### THE INPUT

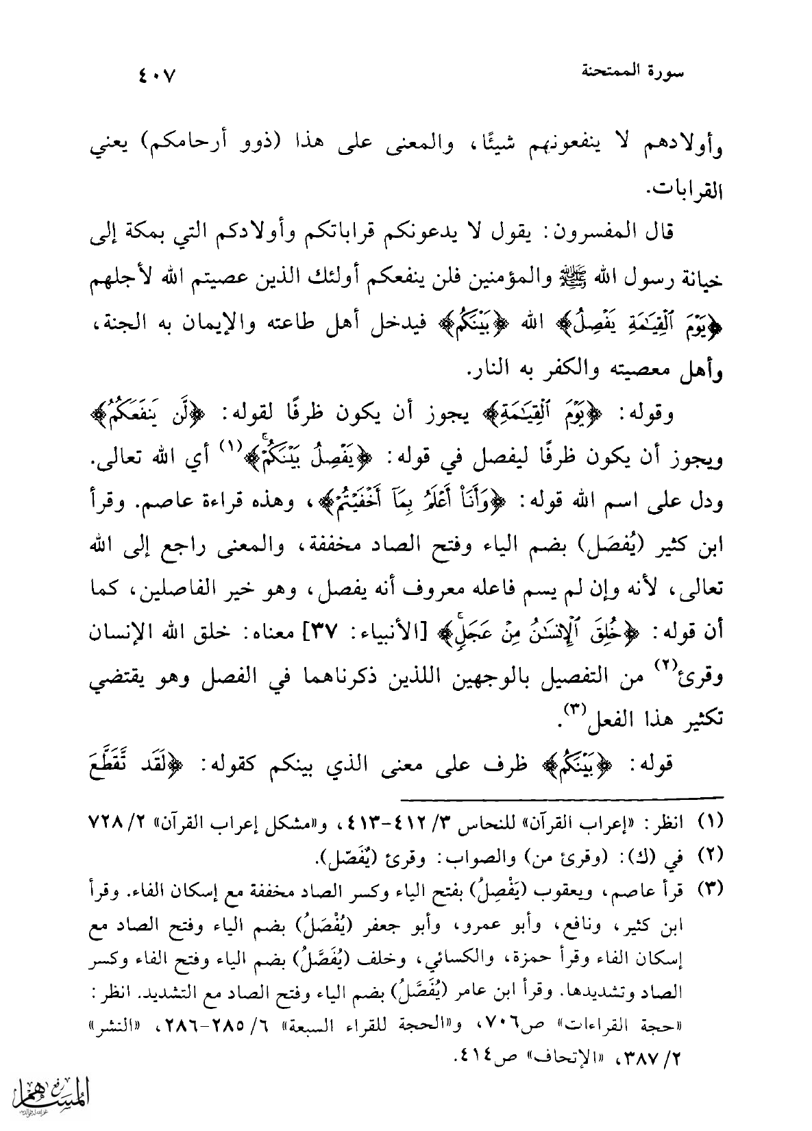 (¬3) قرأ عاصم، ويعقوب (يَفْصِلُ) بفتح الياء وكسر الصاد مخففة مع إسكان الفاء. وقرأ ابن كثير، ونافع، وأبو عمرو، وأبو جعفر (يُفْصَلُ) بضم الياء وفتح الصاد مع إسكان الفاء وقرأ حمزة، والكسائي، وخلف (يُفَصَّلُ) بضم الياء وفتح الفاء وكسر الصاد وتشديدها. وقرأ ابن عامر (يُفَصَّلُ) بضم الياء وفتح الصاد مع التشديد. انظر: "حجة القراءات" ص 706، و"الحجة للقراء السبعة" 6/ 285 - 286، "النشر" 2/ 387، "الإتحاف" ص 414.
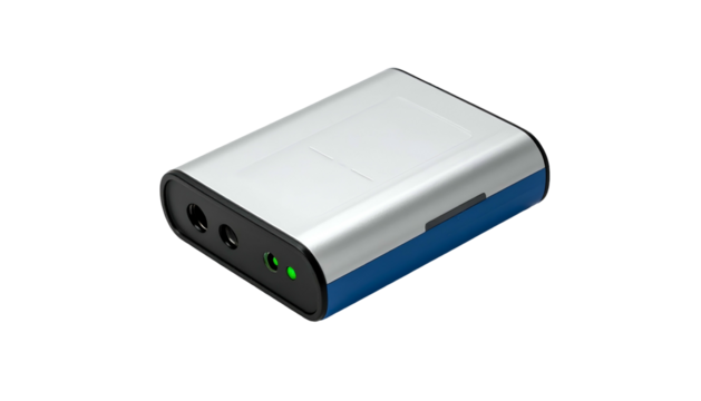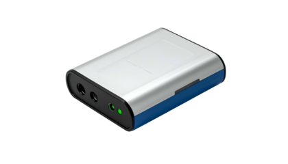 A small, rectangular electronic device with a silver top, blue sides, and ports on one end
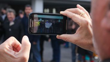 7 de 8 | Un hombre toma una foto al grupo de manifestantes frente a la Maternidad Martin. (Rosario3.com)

######
### THE INPUT

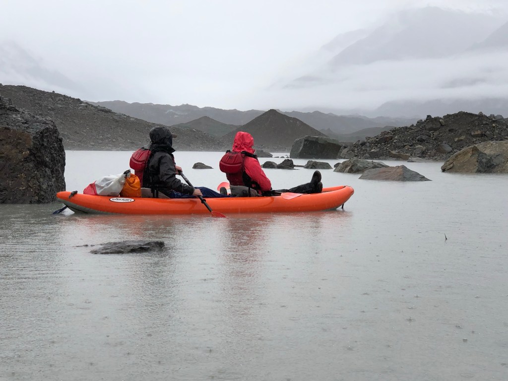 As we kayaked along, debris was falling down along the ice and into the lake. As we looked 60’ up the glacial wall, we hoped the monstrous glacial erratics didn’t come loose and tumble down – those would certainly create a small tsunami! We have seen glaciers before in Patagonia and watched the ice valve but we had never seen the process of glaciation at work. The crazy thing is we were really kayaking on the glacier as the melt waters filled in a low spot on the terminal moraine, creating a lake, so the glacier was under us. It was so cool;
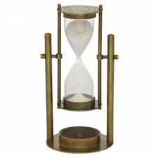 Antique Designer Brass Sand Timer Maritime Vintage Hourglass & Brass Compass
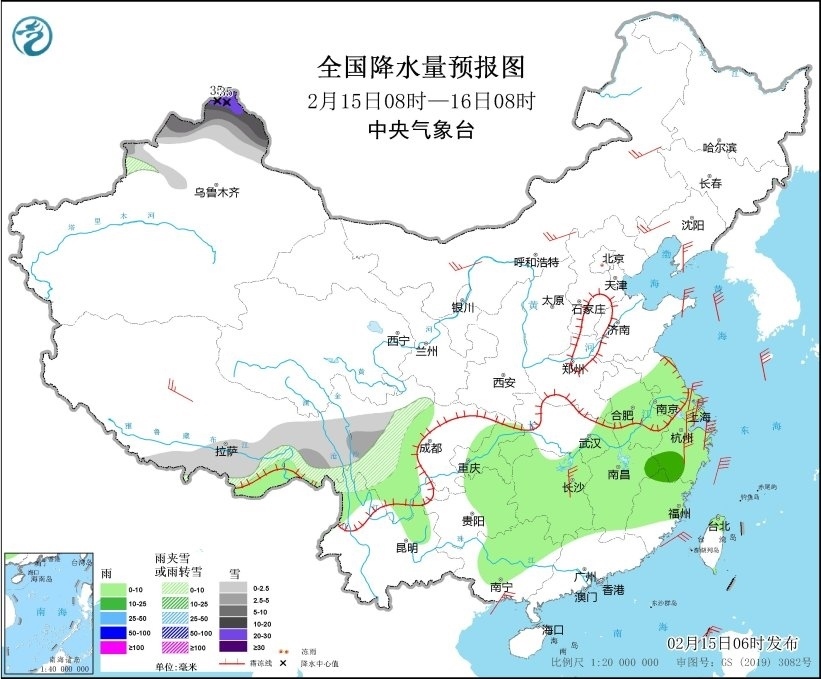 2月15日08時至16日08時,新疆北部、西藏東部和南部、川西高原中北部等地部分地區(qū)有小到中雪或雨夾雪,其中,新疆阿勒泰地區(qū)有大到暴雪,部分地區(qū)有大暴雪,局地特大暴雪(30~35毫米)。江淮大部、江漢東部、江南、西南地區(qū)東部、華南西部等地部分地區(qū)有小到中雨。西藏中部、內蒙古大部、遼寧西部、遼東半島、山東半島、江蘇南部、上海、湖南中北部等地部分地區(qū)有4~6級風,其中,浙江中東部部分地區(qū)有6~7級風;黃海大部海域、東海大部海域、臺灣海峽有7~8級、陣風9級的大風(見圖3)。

######
### THE INPUT

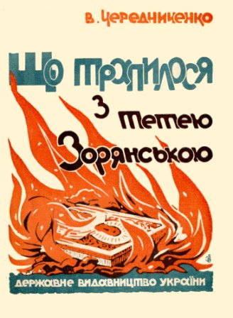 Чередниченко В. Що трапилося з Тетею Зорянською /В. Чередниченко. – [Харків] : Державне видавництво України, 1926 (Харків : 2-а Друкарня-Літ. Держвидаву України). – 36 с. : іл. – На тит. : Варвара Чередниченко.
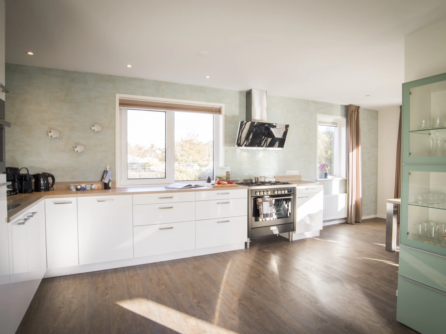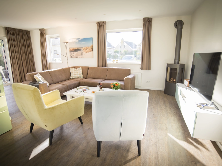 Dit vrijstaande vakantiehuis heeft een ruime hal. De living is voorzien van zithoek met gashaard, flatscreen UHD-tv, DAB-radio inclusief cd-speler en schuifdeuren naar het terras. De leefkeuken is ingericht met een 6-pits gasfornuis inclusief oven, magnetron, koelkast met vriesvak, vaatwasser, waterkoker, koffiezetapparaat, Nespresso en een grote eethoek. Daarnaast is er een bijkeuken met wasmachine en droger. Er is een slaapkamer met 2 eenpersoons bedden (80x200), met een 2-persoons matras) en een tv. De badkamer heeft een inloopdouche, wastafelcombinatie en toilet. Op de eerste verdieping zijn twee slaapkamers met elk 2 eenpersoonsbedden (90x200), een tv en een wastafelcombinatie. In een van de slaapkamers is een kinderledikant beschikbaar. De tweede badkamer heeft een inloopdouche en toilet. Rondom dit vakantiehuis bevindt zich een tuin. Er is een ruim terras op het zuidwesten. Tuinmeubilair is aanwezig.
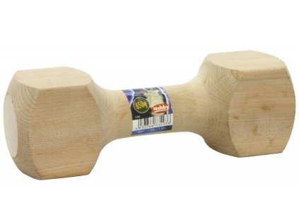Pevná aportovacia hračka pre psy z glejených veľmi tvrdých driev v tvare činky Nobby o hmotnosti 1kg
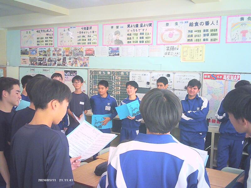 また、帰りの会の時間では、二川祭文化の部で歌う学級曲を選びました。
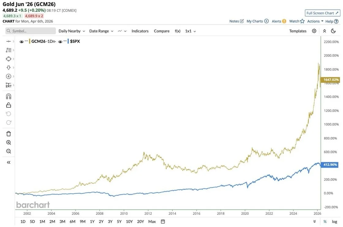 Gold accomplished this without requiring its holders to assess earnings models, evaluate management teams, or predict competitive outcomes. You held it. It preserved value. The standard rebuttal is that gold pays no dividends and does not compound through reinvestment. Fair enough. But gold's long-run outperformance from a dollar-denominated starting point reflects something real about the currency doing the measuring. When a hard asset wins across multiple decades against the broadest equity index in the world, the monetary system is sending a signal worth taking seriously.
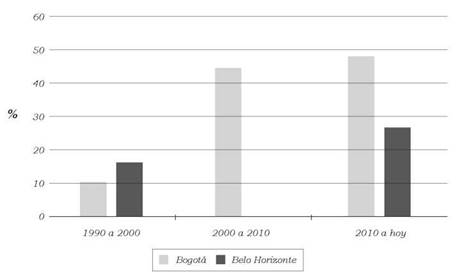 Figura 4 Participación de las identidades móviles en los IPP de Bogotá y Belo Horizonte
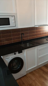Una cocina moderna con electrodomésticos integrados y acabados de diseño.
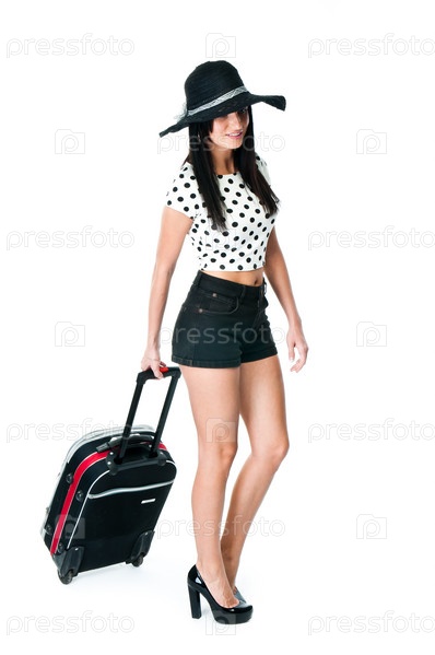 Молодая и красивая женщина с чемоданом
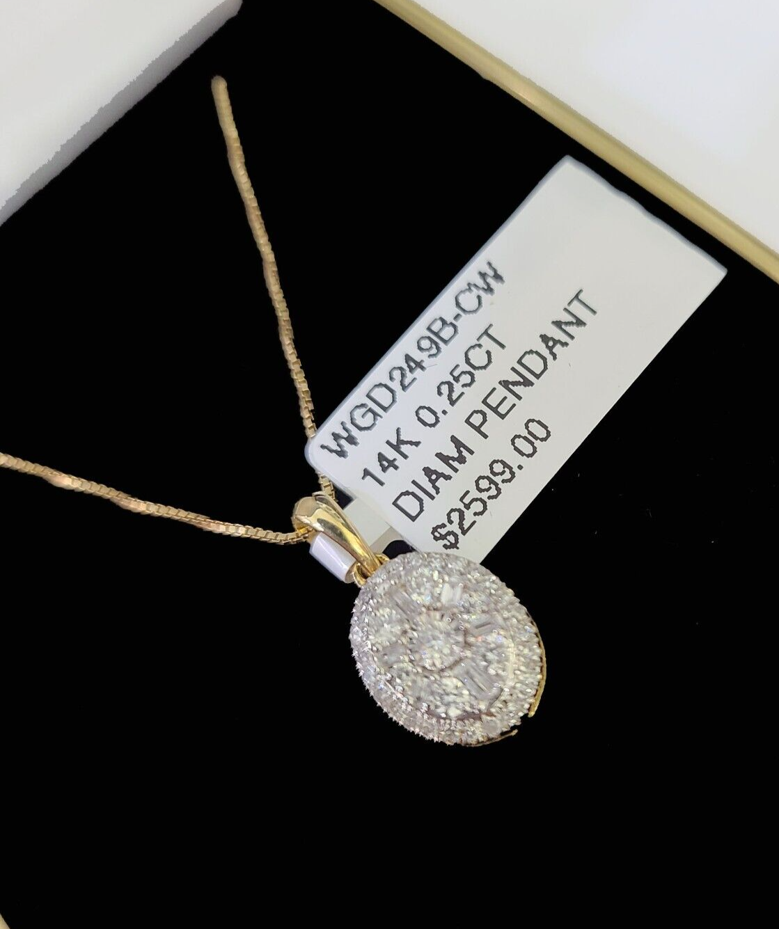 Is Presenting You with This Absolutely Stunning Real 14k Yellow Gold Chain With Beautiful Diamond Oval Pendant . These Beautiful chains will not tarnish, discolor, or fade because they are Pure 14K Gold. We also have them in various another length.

######

WHAT THE TASK REQUIRES:
From the records above, extract the lines from the one holding "(¬3) قرأ عاصم،" through the one holding "7 de 8 | Un", word for word; omit the pictures.

FINAL ANSWER:
 (¬3) قرأ عاصم، ويعقوب (يَفْصِلُ) بفتح الياء وكسر الصاد مخففة مع إسكان الفاء. وقرأ ابن كثير، ونافع، وأبو عمرو، وأبو جعفر (يُفْصَلُ) بضم الياء وفتح الصاد مع إسكان الفاء وقرأ حمزة، والكسائي، وخلف (يُفَصَّلُ) بضم الياء وفتح الفاء وكسر الصاد وتشديدها. وقرأ ابن عامر (يُفَصَّلُ) بضم الياء وفتح الصاد مع التشديد. انظر: "حجة القراءات" ص 706، و"الحجة للقراء السبعة" 6/ 285 - 286، "النشر" 2/ 387، "الإتحاف" ص 414.
 A small, rectangular electronic device with a silver top, blue sides, and ports on one end
 7 de 8 | Un hombre toma una foto al grupo de manifestantes frente a la Maternidad Martin. (Rosario3.com)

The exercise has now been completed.